ERLANGEN (dpa-AFX) - The medical technology group Siemens Healthineers has made a weaker start to the new fiscal year. The strong euro and US tariffs weighed on the first fiscal quarter (ending in December). However, the results were not as weak as expected. Order intake remained robust. The core imaging business and the new Precision Therapy division, which includes the US cancer specialist Varian, performed well. In contrast, the laboratory diagnostics segment remains weak due to ongoing problems in China. The management team led by CEO Bernd Montag is sticking to its annual forecast.

The DAX-listed share initially opened higher on Thursday, but quickly gave up those gains. Most recently, it was trading about 1.2 percent lower.

One stock trader described the numbers as mixed given the declines. In the core business on a comparable basis, the first quarter was strong, wrote David Adlington of JPMorgan in an initial assessment. However, the diagnostics segment continues to be a drag. The expert highlighted the book-to-bill ratio positively, which reflects the relationship between order intake and invoiced sales.

Group revenue fell by 1.5 percent to 5.4 billion euros last year, the company announced Thursday morning in Erlangen. On a comparable basis—adjusted for currency and portfolio effects—Healthineers achieved a 3.8 percent increase, which was below analysts' expectations. Adjusted earnings before interest and taxes (EBIT) also fell by 1.5 percent to 809 million euros.
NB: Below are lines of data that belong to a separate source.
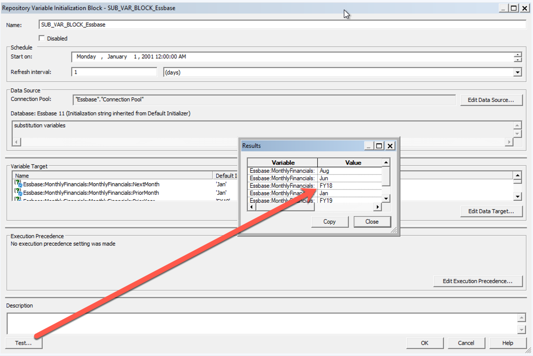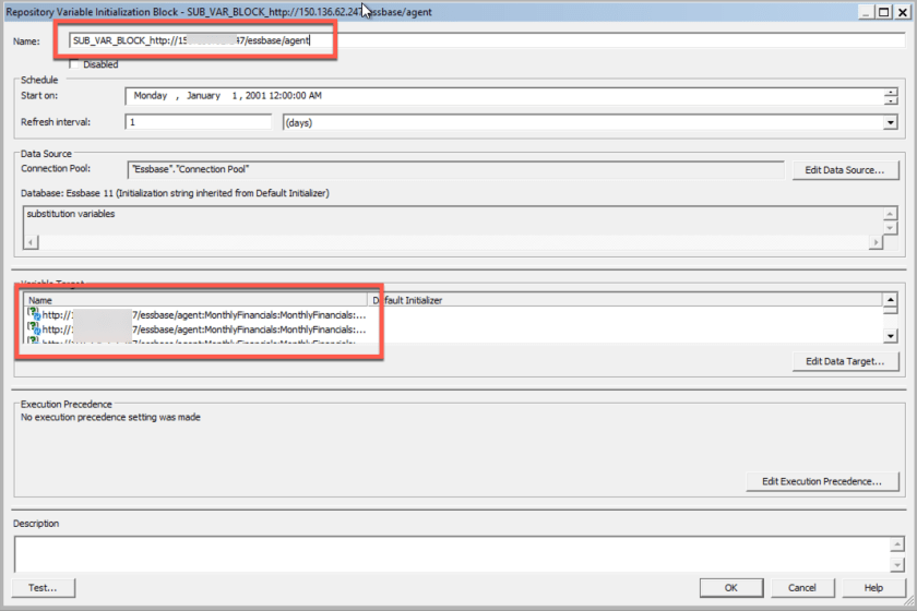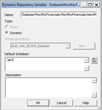 - You can rename this if you would like. Also, the “Variable Targets” are listed automatically for you. These targets are the Sub Vars in Essbase. The Default Initializer is the default value for the variable and are initially blank.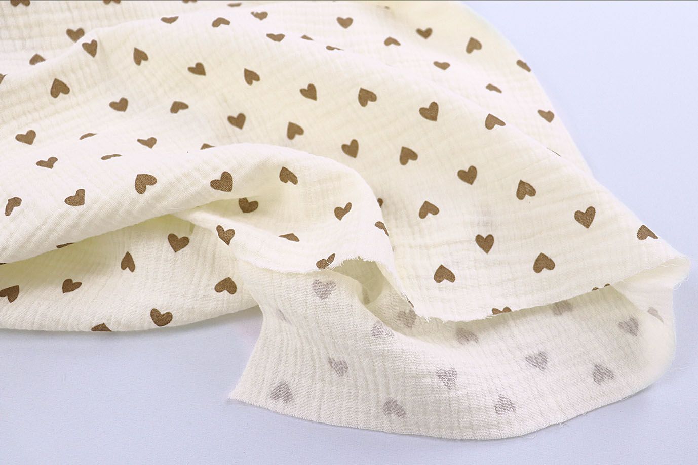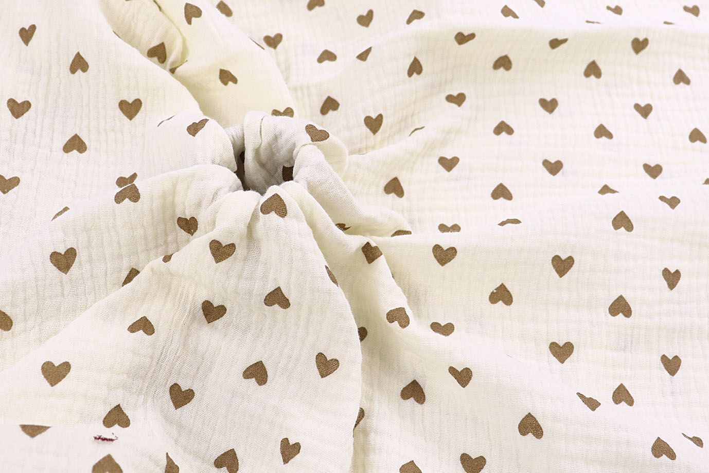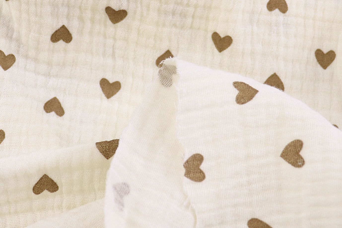 Муслин принт/сердечки коричневые на сливочном 4243-PY/D#7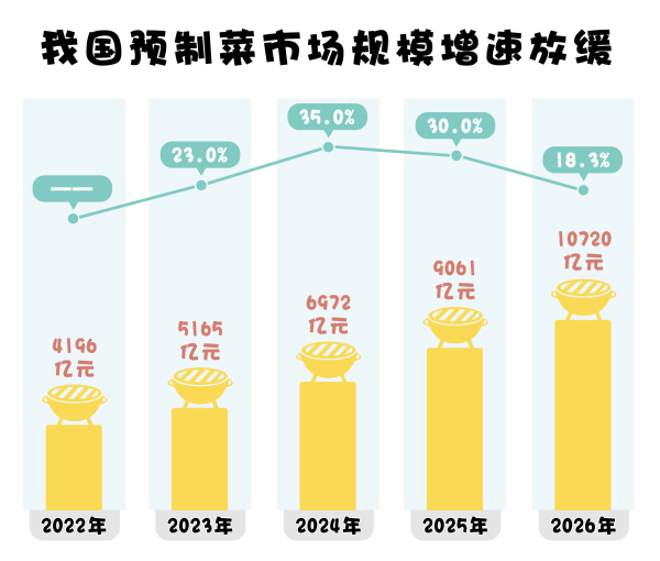 從艾媒咨詢發(fā)布的數(shù)據(jù)來看,我國預(yù)制菜市場規(guī)模呈逐年擴張趨勢,并有望在2026年突破10720億元,但是預(yù)制菜市場規(guī)模增速卻在逐步放緩。2024年,我國預(yù)制菜市場規(guī)模同比增長率為35%,而這一數(shù)字預(yù)計在2026年跌至18.3%。

Adjusted earnings per share dropped by 3.4 percent to 0.49 euros. Here, market experts had expected a larger decline.

Currency effects reduced earnings per share by around four cents. CFO Jochen Schmitz quantified the headwind from tariffs at six cents during a conference call.

Montag described "a very good start" in the core business. The Precision Therapy segment was able to significantly improve its profitability, driven by Varian. However, the adjusted operating margin (EBIT margin) in imaging was reduced by two percentage points due to currency effects and tariffs. Nevertheless, it only deteriorated slightly by 0.3 percentage points, remaining the group's leader at 21.6 percent.

By contrast, laboratory diagnostics remains a problem area for Healthineers. The persistently challenging business in China, where structural upheavals are taking place, is an additional burden. The country has switched to centralized, volume-based procurement as part of its anti-corruption campaign. In addition, reimbursement amounts have decreased. Revenue and profitability fell significantly in this segment; the adjusted operating margin was 2.1 percent, by far the weakest in the group.

Healthineers no longer counts laboratory diagnostics as part of its core business. The division, which has no synergies with the rest of the company, is to be set up independently in the coming years. A possible separation after that remains open.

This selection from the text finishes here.